Tilray Brands sees the spirit and beer sectors as areas that have “great opportunities” and where its previous acquisitions have shown “great margins”, Simon added.
In November, the group acquired New York-based Montauk Brewing Company. Simon said Montauk’s “success has been driven by its loved product portfolio, premium price point and over 4,700 points of distribution”, adding: “We’d love to find some more Breckenridges or some more Montauk and SweetWater.”
Simon continued: “We think that from an acquisition standpoint, the whole wellness area is an area we’re going to focus on and look at acquisitions there. And, upon legalisation, there will be foods that will be infused with hemp, there’ll be foods that will be infused with THC.”

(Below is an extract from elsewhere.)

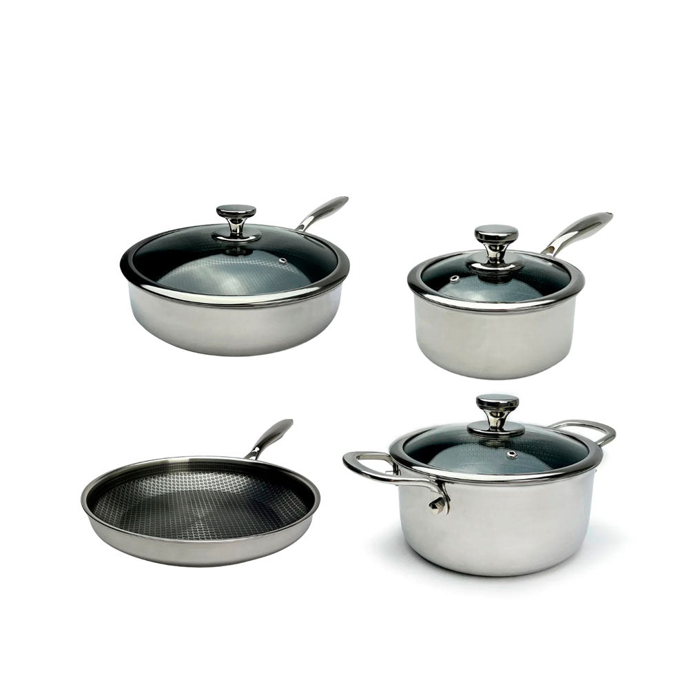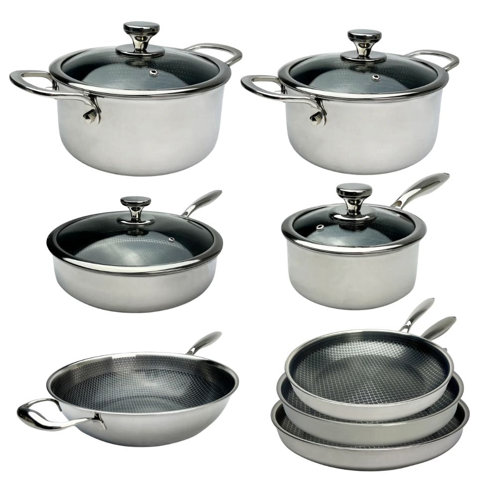 Grydesæt med låg er både praktiske og pæne i køkkenet. De er lavet til at gøre madlavningen bedre og holde maden varm. Låget er vigtigt, fordi det hjælper med at fordele varmen jævnt og holde på fugten, når du laver mad. Det giver velsmagende mad og gør det nemmere at styre madlavningen.

Looking at its own infrastructure, Tilray Brands has floated the idea of growing fruits and vegetables in some of its facilities.
Blair MacNeil, the president of Tilray Canada, said: “The team has done an unbelievable job of building world-class facilities that can operate at a very low cost.”
He explained the group is hoping it will grow cannabis in most of its facilities but, waiting on legalisation, it does not want the sites to “sit idle”.
However, while Tilray may start growing fruits and vegetables, it has stated that cannabis and its spirits and beers business is its priority. “We’re not out there saying we’re going to become farmers,” MacNeil said.